(Saved entries)

%%

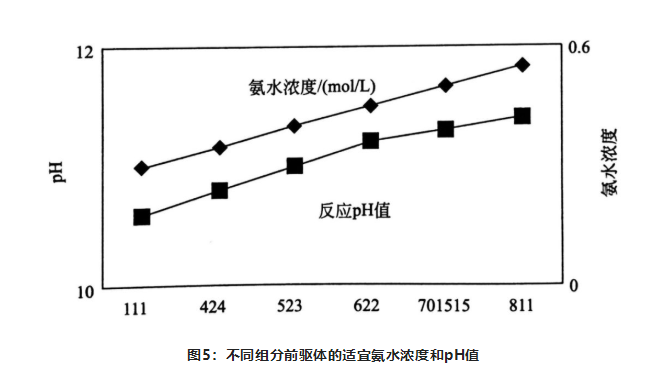 溫度主要是影響化學(xué)反應(yīng)速率。在前驅(qū)體的反應(yīng)中,溫度越高反應(yīng)速率越快,但是溫度過(guò)高會(huì)造成前驅(qū)體氧化,進(jìn)而造成反應(yīng)過(guò)程無(wú)法控制、前驅(qū)體結(jié)構(gòu)改變等問(wèn)題,所以在不影響反應(yīng)的前提下溫度盡量高一點(diǎn)。在反應(yīng)過(guò)程中pH會(huì)隨著溫度的降低而升高,所以維持溫度的恒定也很重要。
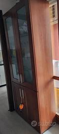 dispensa (Brand: Carlo Cavalli 1920) con ante integralmente di ciliegio e vetrina superiore con luce e ripiani in cristallo
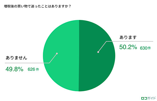 「増税後の普段の買い物で迷った経験はありますか?」との質問に対して、「あります」が50.2%、「ありません」が49.8%。軽減税率制度による税率の違いや、多種多様な決済方法、決済方法や店舗によって異なるポイント還元制度など、複雑な実態に迷う生活者の様子が見て取れるという。
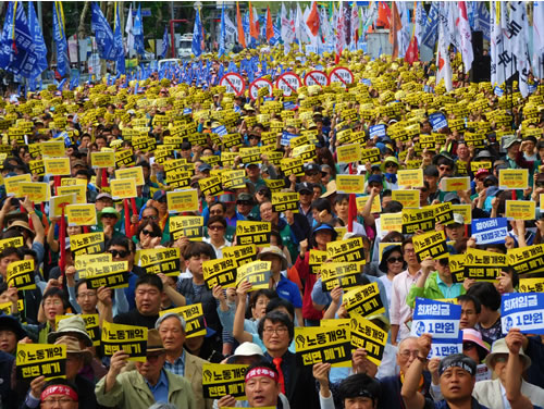 韓国・民主労総は5月1日、ソウルをはじめ全国15地域でメーデー大会とデモ行進を闘った。ソウルでは2万人(写真)、全国で合わせて5万人が集まった。スローガンには、①労働改悪廃棄・労働部長官退陣、②経済危機の主犯である財閥の責任追及、③最低賃金1万ウォン獲得、④週35時間労働制導入、⑤間接雇用・特殊雇用労働者の労働基本権保障、の5大要求が掲げられた。
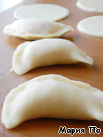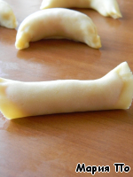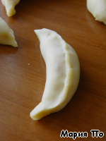 Теперь переворачиваем и защипаем завёрнутый краешек, формируя полумесяц.

%%

● **Work instructions**:
The result is an exact copy of the lines from the one holding "韓国・民主労総は5月1日、ソ" through the final line of the data above, both ends included, minus the pictures.

● **Expected output**:
 韓国・民主労総は5月1日、ソウルをはじめ全国15地域でメーデー大会とデモ行進を闘った。ソウルでは2万人(写真)、全国で合わせて5万人が集まった。スローガンには、①労働改悪廃棄・労働部長官退陣、②経済危機の主犯である財閥の責任追及、③最低賃金1万ウォン獲得、④週35時間労働制導入、⑤間接雇用・特殊雇用労働者の労働基本権保障、の5大要求が掲げられた。
 Теперь переворачиваем и защипаем завёрнутый краешек, формируя полумесяц.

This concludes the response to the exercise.